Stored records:
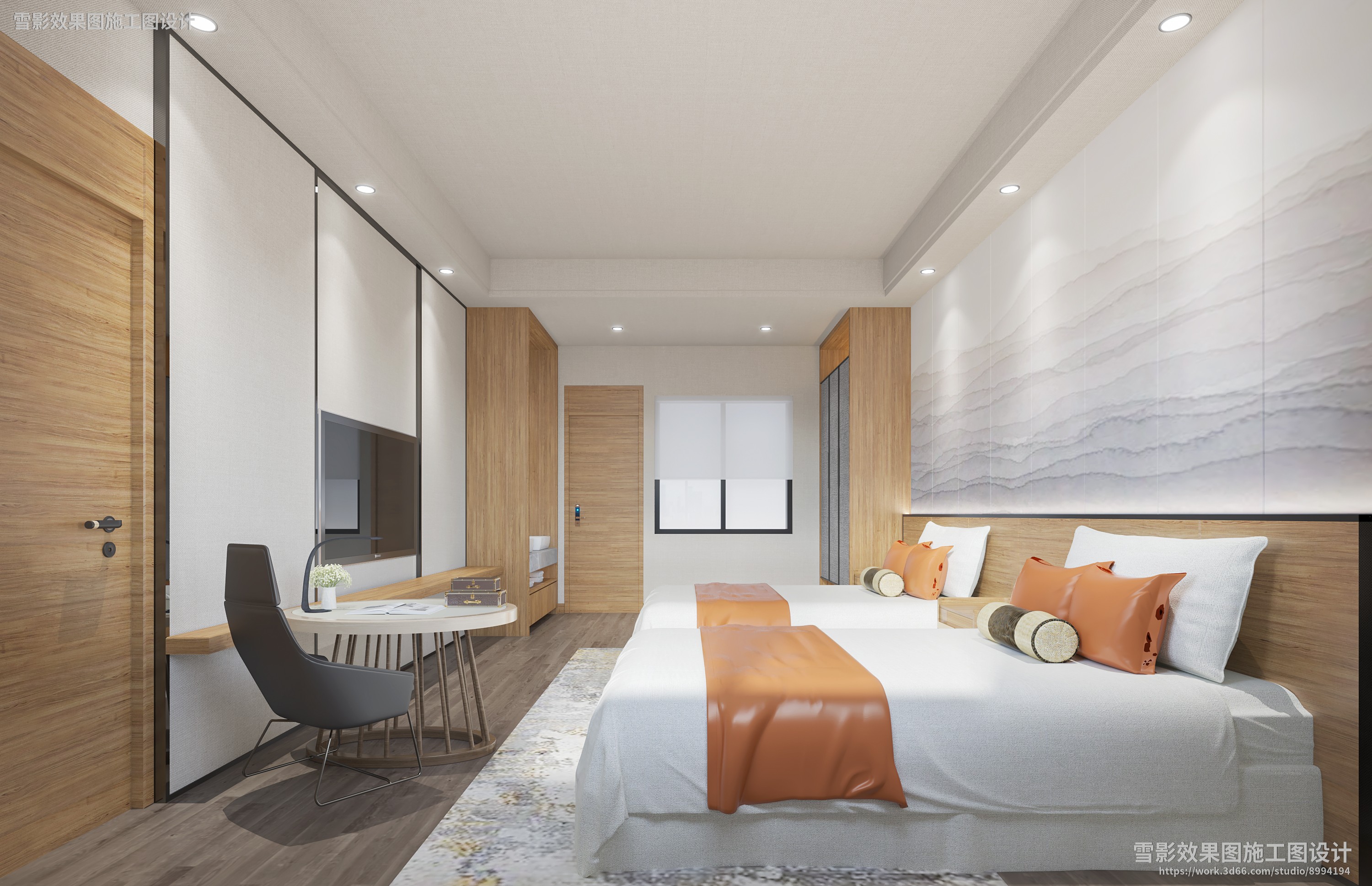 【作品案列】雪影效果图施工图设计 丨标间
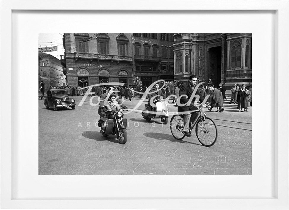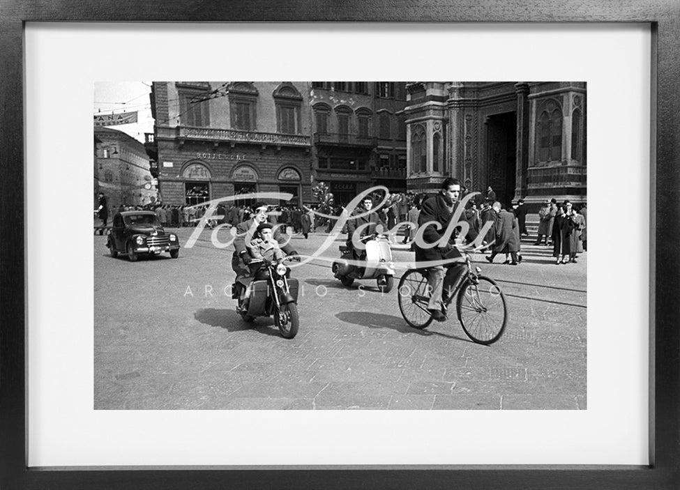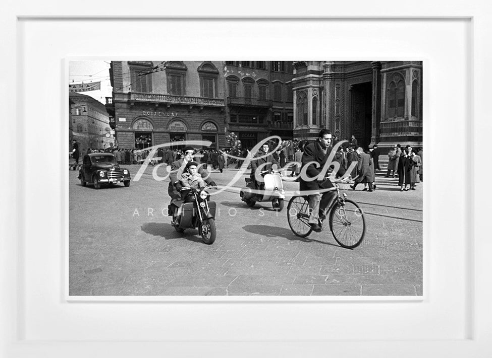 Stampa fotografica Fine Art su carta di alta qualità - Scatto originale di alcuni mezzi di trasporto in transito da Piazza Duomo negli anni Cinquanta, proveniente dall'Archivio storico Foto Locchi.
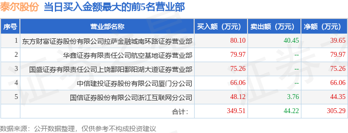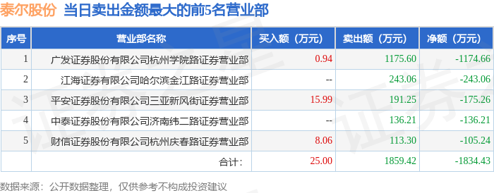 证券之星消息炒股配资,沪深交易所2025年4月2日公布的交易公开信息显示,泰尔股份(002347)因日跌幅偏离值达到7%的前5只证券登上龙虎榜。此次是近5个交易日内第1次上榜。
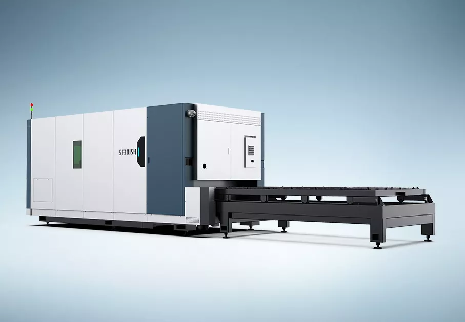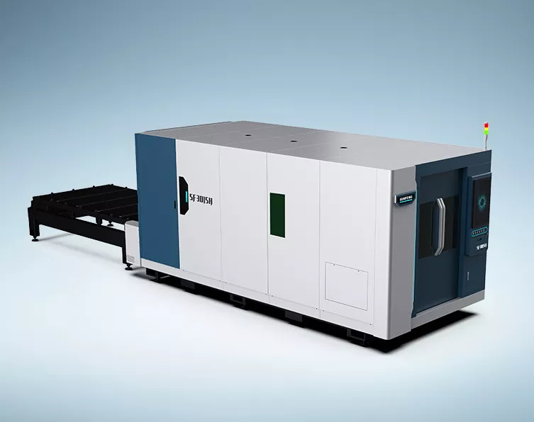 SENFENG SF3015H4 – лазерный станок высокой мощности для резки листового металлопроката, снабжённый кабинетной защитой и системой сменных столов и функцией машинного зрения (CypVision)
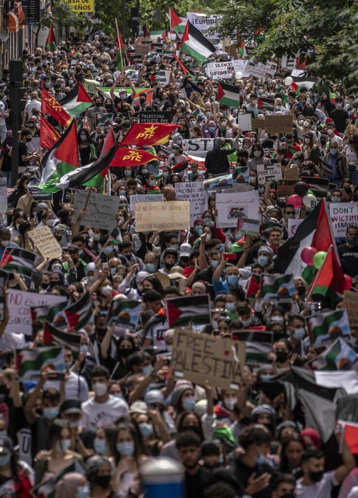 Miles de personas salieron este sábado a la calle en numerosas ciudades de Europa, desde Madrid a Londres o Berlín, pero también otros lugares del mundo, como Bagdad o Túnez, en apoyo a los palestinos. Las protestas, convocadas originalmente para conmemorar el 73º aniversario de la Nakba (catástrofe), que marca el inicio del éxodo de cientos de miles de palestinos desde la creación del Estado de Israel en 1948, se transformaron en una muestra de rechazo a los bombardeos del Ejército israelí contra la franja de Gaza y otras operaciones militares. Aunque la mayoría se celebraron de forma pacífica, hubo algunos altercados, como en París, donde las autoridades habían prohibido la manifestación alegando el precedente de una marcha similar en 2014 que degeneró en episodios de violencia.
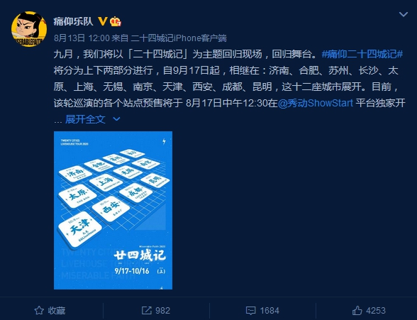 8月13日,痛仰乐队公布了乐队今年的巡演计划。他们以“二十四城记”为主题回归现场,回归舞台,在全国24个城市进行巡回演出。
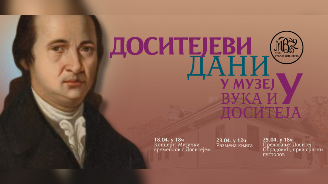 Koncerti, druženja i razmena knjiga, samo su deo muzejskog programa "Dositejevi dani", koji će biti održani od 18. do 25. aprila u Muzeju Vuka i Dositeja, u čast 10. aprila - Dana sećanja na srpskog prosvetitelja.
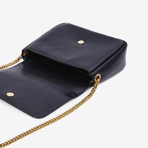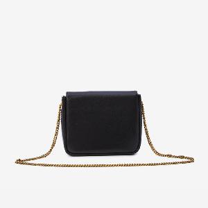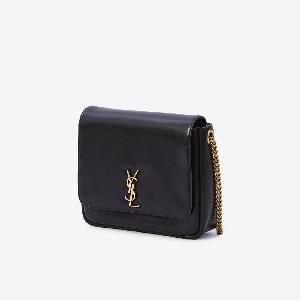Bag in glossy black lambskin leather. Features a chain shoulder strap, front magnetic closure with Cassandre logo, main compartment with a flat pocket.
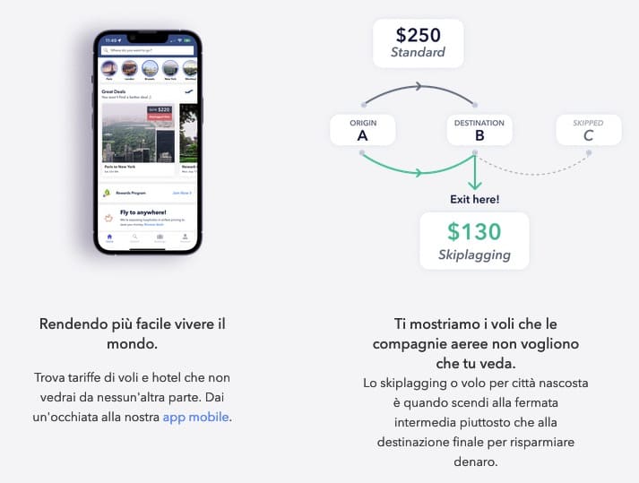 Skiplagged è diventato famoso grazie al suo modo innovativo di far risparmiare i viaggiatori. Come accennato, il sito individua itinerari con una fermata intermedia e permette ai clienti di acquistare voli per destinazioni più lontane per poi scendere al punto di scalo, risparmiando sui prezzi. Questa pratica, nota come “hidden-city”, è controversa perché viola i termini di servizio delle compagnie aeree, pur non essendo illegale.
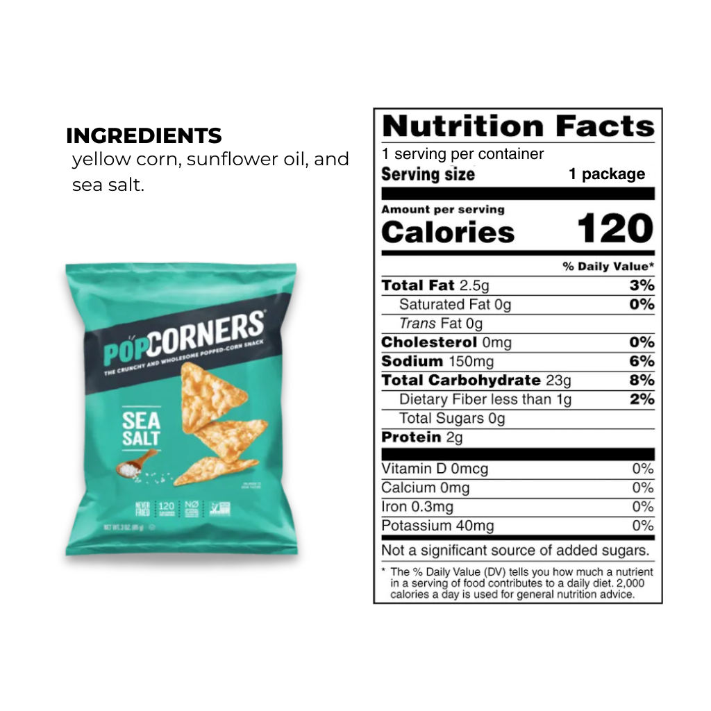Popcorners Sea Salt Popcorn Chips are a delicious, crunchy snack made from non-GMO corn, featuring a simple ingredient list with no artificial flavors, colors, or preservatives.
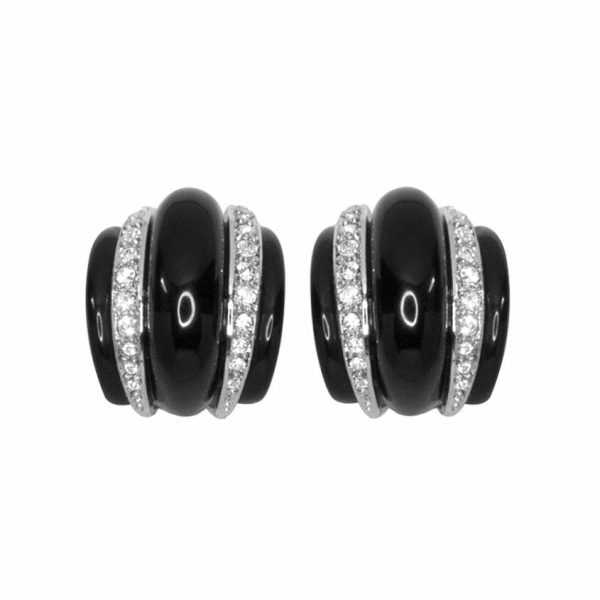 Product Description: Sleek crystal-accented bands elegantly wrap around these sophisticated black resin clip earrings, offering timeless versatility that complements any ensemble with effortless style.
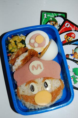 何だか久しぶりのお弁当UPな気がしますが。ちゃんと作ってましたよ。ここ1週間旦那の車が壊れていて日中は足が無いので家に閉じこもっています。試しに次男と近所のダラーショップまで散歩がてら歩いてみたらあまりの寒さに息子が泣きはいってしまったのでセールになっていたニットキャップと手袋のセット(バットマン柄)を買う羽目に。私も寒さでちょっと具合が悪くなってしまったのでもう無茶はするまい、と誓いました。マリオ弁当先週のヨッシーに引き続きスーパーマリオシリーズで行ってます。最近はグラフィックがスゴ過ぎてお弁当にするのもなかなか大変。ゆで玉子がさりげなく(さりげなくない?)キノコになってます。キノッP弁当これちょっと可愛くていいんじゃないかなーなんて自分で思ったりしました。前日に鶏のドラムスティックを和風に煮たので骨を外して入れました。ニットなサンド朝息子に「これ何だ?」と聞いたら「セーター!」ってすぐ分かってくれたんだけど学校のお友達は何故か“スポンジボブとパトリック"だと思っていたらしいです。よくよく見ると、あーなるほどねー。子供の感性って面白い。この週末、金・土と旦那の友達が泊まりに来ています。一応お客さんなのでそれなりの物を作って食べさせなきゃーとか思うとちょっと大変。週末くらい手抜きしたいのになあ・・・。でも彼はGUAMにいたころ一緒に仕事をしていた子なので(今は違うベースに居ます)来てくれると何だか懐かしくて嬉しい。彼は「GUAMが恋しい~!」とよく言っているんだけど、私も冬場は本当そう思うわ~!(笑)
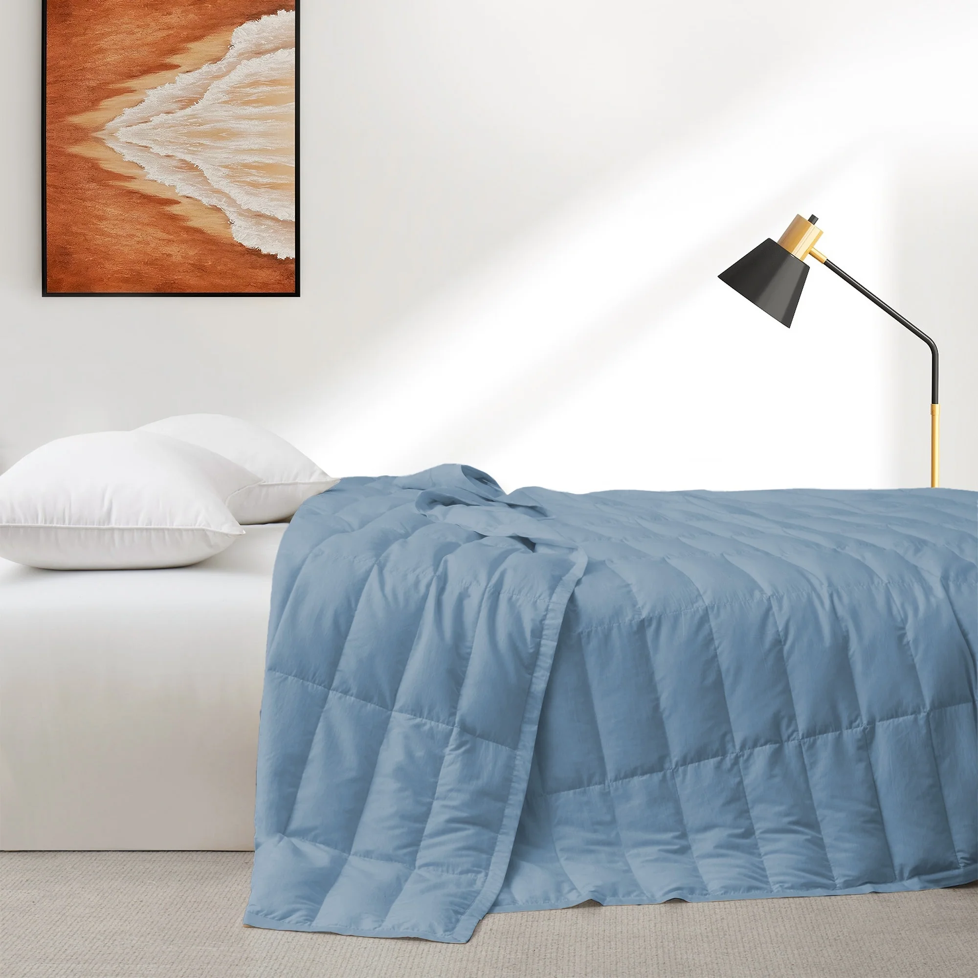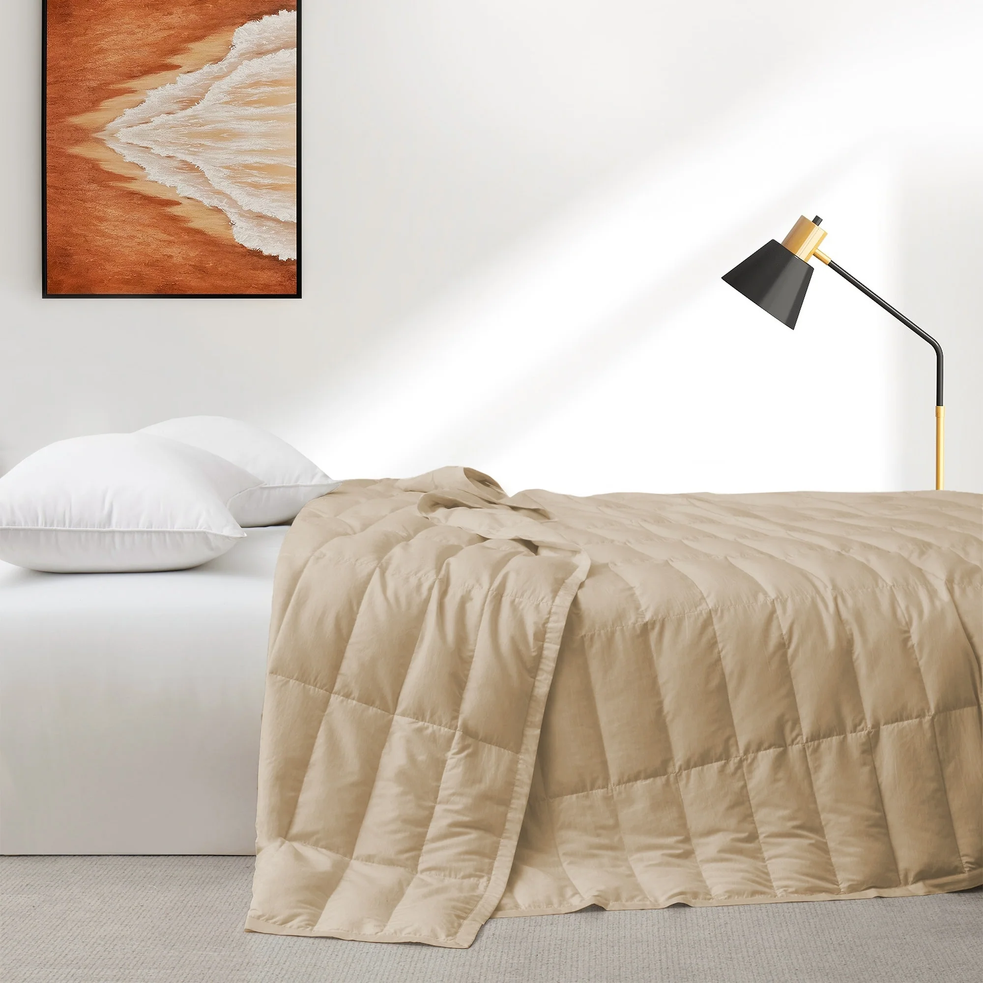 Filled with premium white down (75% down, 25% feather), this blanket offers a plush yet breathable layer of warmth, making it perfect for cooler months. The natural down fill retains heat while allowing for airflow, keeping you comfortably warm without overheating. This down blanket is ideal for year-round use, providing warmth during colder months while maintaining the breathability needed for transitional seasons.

What to do: Using the data above, retype exactly and only the lines from the one containing "Stampa fotografica Fine" up to and including the one containing "证券之星消息炒股配资,沪深交", with no pictures carried over.

Exercise solution:
 Stampa fotografica Fine Art su carta di alta qualità - Scatto originale di alcuni mezzi di trasporto in transito da Piazza Duomo negli anni Cinquanta, proveniente dall'Archivio storico Foto Locchi.
 证券之星消息炒股配资,沪深交易所2025年4月2日公布的交易公开信息显示,泰尔股份(002347)因日跌幅偏离值达到7%的前5只证券登上龙虎榜。此次是近5个交易日内第1次上榜。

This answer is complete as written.